We describe the operational details as follows. During function execution, the FaaSnap daemon monitors the dynamic memory consumption of the function instance. If the memory consumption increases by a certain threshold (1024 pages, i.e., 4MB), it then uses a system call “mincore” to obtain a list of virtual page addresses that are currently being mapped into the address space. Note that “mincore” is executed by the daemon and hence reflects the host-side view of the function’s working set. The paper also emphasizes that, compared with REAP’s approach for obtaining the working set via guest-side page fault hooks, the host generally has a more comprehensive view of the working set (e.g., via the kernel read-ahead mechanism that prefetches disk files into the page cache). As a result, the snapshot captured by FaaSnap suffers fewer major page faults when loaded back later because it is more likely to cover more use cases or parameter combinations than the one generated by REAP.

After the snapshot is captured, FaaSnap saves the snapshot data to a disk file. The paper also proposes a few optimizations in order to minimize the amount of data to be saved and maximize sequential reads on future invocations. First, anonymous pages whose contents are zero are not saved. Instead, the FaaSnap daemon merges adjacent zero pages into zero regions, and simply stores the address range of the region. These zero regions can be conveniently mapped back to the virtual address space as anonymous memory on future invocations, which eliminates the major page faults that are needed in the current Firecracker implementation to fetch these zero pages from the memory file. Second, data pages are also merged into regions and saved to the snapshot file as a “loading set”. The paper suggests that if the pages are scattered across the address space, then FaaSnap will attempt to merge as many as possible (e.g., by allowing a few zero pages in between) to minimize the number of regions. Lastly, regions are written into the snapshot file following roughly the chronological order that pages in the region are accessed during the recording phase, i.e., if some pages in a region are accessed early during the execution, then the entire region should also be written to a smaller offset of the file, such that the region under discussion will be loaded before other regions when the snapshot is restored.

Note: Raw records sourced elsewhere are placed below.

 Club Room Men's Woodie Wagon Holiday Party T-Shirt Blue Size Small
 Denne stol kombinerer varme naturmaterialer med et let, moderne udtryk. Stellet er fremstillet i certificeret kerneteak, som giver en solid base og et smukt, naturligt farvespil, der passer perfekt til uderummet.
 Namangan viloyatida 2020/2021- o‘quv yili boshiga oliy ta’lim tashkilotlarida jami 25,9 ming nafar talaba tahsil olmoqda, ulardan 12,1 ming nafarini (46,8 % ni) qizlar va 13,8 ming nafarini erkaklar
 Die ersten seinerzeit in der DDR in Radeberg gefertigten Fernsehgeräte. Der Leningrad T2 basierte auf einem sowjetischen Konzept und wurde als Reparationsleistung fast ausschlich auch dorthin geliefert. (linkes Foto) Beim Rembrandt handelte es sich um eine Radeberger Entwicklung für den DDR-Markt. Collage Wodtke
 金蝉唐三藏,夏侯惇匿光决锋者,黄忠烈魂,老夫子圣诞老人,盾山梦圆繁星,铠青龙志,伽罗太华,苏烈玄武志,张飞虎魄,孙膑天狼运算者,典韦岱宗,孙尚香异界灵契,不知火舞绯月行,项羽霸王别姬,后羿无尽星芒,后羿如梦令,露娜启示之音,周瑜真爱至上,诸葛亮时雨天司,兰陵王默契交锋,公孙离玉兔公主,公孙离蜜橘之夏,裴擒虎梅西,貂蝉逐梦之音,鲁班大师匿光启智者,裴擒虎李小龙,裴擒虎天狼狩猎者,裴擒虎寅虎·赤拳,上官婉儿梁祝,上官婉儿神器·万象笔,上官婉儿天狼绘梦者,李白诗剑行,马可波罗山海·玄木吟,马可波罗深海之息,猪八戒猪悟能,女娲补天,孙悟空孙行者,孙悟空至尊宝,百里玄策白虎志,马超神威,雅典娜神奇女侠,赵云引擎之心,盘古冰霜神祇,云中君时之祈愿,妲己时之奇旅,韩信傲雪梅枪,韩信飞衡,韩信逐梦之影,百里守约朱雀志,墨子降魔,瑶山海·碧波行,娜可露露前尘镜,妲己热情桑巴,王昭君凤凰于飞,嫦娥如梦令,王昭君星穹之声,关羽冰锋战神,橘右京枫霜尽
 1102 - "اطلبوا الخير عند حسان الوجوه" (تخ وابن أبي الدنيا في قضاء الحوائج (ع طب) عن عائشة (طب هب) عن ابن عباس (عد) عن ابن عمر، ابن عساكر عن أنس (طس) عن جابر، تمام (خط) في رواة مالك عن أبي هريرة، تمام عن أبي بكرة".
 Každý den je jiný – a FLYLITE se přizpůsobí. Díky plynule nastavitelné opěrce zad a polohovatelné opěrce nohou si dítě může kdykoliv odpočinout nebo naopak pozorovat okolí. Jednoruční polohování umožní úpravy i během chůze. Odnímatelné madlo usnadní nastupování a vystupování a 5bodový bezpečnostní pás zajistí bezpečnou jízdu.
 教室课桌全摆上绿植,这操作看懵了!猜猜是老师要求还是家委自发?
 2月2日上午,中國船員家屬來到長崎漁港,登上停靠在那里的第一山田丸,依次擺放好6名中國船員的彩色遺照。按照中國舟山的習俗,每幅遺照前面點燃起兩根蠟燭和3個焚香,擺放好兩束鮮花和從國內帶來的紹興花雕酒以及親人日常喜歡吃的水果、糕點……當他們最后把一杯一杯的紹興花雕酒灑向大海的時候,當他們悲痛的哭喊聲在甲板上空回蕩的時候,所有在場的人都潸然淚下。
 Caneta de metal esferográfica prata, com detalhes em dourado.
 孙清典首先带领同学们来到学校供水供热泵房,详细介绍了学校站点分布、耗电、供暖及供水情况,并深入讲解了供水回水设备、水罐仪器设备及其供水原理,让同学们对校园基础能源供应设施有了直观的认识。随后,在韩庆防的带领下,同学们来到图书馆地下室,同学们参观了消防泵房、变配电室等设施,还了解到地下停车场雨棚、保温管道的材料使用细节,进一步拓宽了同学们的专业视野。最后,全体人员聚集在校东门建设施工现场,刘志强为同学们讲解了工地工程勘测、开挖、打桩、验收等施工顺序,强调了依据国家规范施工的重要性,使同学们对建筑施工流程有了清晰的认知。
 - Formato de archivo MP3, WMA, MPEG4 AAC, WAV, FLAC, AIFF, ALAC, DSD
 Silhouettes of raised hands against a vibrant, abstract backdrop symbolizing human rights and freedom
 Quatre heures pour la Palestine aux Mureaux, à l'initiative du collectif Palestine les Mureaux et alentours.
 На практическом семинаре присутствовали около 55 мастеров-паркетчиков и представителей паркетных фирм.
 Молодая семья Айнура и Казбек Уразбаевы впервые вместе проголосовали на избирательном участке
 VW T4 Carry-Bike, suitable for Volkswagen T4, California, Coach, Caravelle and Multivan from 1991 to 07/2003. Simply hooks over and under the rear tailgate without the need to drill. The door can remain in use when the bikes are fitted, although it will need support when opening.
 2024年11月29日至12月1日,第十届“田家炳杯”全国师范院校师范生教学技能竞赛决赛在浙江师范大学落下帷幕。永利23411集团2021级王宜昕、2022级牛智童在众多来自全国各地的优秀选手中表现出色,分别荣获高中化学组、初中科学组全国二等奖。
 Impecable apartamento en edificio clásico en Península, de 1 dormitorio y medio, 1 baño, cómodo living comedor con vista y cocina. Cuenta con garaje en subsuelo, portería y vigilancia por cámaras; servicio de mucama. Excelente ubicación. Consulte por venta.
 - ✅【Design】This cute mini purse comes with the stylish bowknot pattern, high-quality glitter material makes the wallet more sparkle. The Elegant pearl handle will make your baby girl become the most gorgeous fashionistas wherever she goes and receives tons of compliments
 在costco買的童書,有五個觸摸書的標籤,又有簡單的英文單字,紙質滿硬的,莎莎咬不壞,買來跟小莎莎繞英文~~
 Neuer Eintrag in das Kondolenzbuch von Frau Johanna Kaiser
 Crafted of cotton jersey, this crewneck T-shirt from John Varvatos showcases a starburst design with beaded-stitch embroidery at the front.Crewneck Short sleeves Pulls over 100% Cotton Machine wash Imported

On future invocations of the function, FaaSnap will load data contained in the snapshot file into the page cache instead of serving them from the existing Firecracker’s memory snapshot file upon major page faults. In order to restore the snapshot image, which now consists of three layers, i.e., pages not recorded and reside in the regular memory snapshot file, zero regions whose ranges are saved to FaaSnap’s snapshot file, and the regions that contain data being recorded, FaaSnap performs a hierarchy of memory maps which we describe as follows. First, it maps Firecracker’s snapshot file into the main memory using a single mmap just as in the current implementation. Then it also maps zero regions into the VM’s address space, but the parameters to mmap indicate that the mapping is fulfilled by anonymous memory. As a result, memory accesses to the zero regions will be handled with minor page faults rather than major ones. Lastly, FaaSnap kick-starts the VM instance and, in the meantime, maps data regions in the snapshot file using mmap. Since regions are stored in the file successively, it is sufficient to call mmap once per region. The parameters to mmap will also indicate that the contents of the map should be eagerly fetched to the page cache such that they can be served with minor page faults. The paper also emphasizes that the last step, called “concurrent paging”, does not block the VM from execution. If the VM accesses a page before the daemon can map it from the snapshot file, the page fault will then be captured by the VMM, which is handled by the daemon as a regular major fault that reads the corresponding region from the snapshot file.